Fabcaro : C'est dans une espèce de tradition d'alternance entre album village, album voyage, quoi qu'encore on n'est pas obligé de le respecter, mais moi je j'aime bien l'idée de respecter ce truc-là. Donc il fallait les faire partir en voyage. On a fait la liste des endroits où ils se sont déjà rendus.
Il y a une quinzaine de pays déjà.
Fabcaro : Mine de rien, ils commencent à avoir bien bougé. Donc le champ des possibles se réduit peu à peu. Mais je me suis aperçu qu'ils n'étaient jamais allés au Portugal. Et en plus, d'un point de vue logistique, ça me semble tout à fait crédible parce que ce n'est pas très loin de la Gaule, de la Bretagne. Donc j'ai proposé l'idée à l'éditeur qui m'a dit "ça fait, ça fait pas mal de temps que cette idée tournait, personne ne voulait vraiment s'y coller. Si tu te le sens, vas-y". Voilà, c'est parti comme ça.
Quand on dit le Portugal, faut réfléchir à des images, faut aller sur place ? Qu'est-ce qu'il faut faire quand on est le dessinateur, Didier Conrad ?
Didier Conrad : Disons que c'est bien quand on connaît un peu. J'y étais déjà allé, j'avais déjà trempé mes pieds dans l'Atlantique du côté du Portugal, donc c'était quelque chose que j'avais vu, que j'avais ressenti. Comme c’était bien différent de l’Espagne, que je connais mieux, j’ai tout de suite trouvé que c’était une bonne idée. Ça m’a bien plus. Et puis voilà, après il faut bosser.
Il y a beaucoup de plaisir, j'imagine, à le faire, mais c'est un vrai boulot d'écrire, d'imaginer un Astérix ?
Fabcaro : Oui, alors c'est du boulot, c’est un boulot passion.

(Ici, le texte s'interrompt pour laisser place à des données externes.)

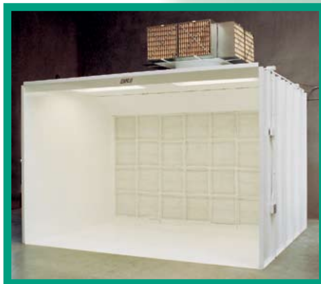
Pocket Filter Booth

AFC's pocket filter booths feature three-stage filtration. The primary filtration is handled by polyester and the secondary filters are a pocket style also of polyester material. The final filtration, before allowing the air back into the work area, is handled by way of condensed paper media. These pocket filter booths can be ordered in either a galvanized or powder coated finish.
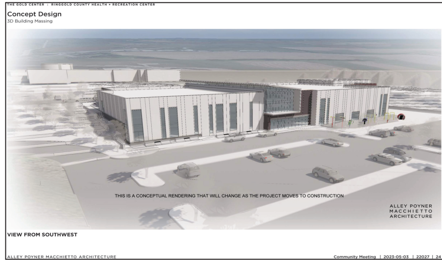
A preliminary design and 3D building massing by Alley Poyner Macchietto Architecture shows a view of the Gold Center concept from the Southwest.
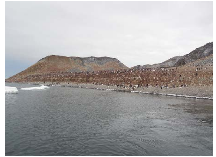
Northern landing area
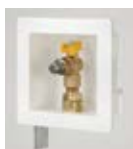
XR3 Outlet Box
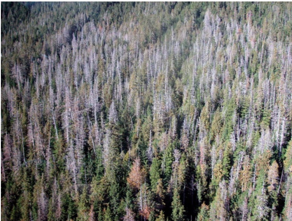
Figure 13—A closer view of the patch of yellow-cedar decline near Hayward Creek. Note the dying orange-crowned yellow-cedar trees interspersed with the dead yellow-cedar snags. This illustrates the progressive intensification of this forest decline.
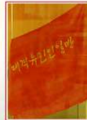
Flag of the Anti-Japanese People's Guerrilla Army used on its founding day
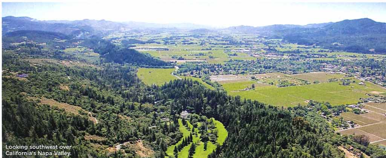
Looking southwest over California's Napa Valley.
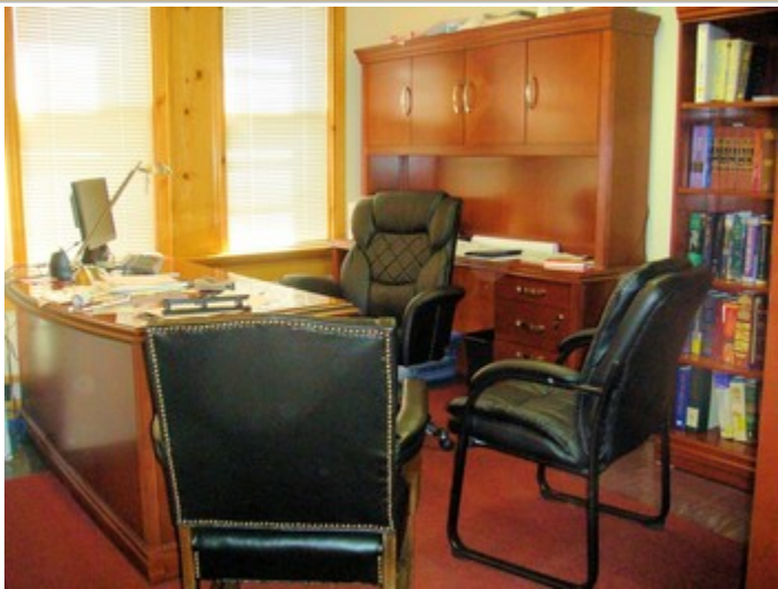
Desk and Chairs
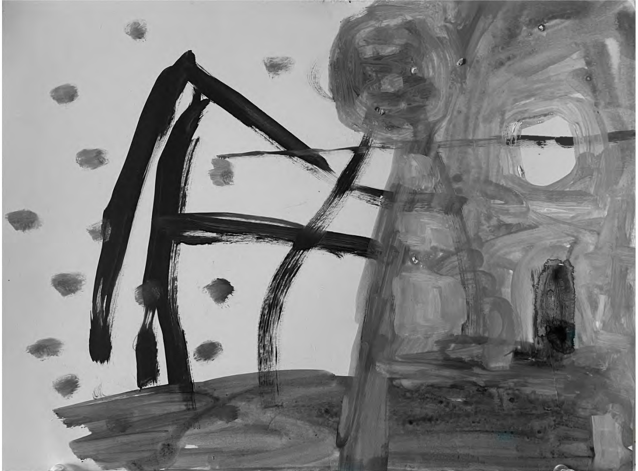
Domus , 2023 flashe on paper 11 x 15 inches (DPAIS0012)

J'ai pas l'impression de travailler -je ne devrais pas le dire – mais oui c’est du boulot, surtout que c’est du récit long. Donc il faut anticiper la structure, il faut avoir une idée de l’histoire, il faut trouver des gags, il faut respecter une espèce de cahier des charges tacites. C’est un gros boulot, c’est sûr.
Parce que c'est très codifié, un Astérix ? Didier Conrad, vous qui êtes là depuis plus longtemps que Fabcaro, dont c'est le 2e album en tant que scénariste, vous c'est le 7e. Et donc il y a des passages obligés en quelque sorte ?
Didier Conrad : Oui, il y a des passages obligés, puis aussi le lecteur attend des choses. Donc dès qu'il y a quelque chose qui s'installe et que le lecteur aime bien, il aime bien retrouver ça dans les albums qui suivent. Donc même les nouvelles idées qu'on amène suscitent une continuité. Si vous voulez, c’est pas vraiment un album normal. C’est un album de comédie, donc c’est pas la structure d’une histoire dramatique. C’est vraiment basé sur le gag, donc tous ces passages obligés peuvent être des nouveaux gags. Donc il y a une dynamique.
Oui, parce que les romains se prennent des baffes, mais il ne faut pas que ce soit la même bagarre que la dernière fois.
Didier Conrad : C'est ça. Donc il faut trouver des variations sur un peu tout. C'est un peu comme du jazz, c'est des variations sur des thèmes que les gens aiment beaucoup.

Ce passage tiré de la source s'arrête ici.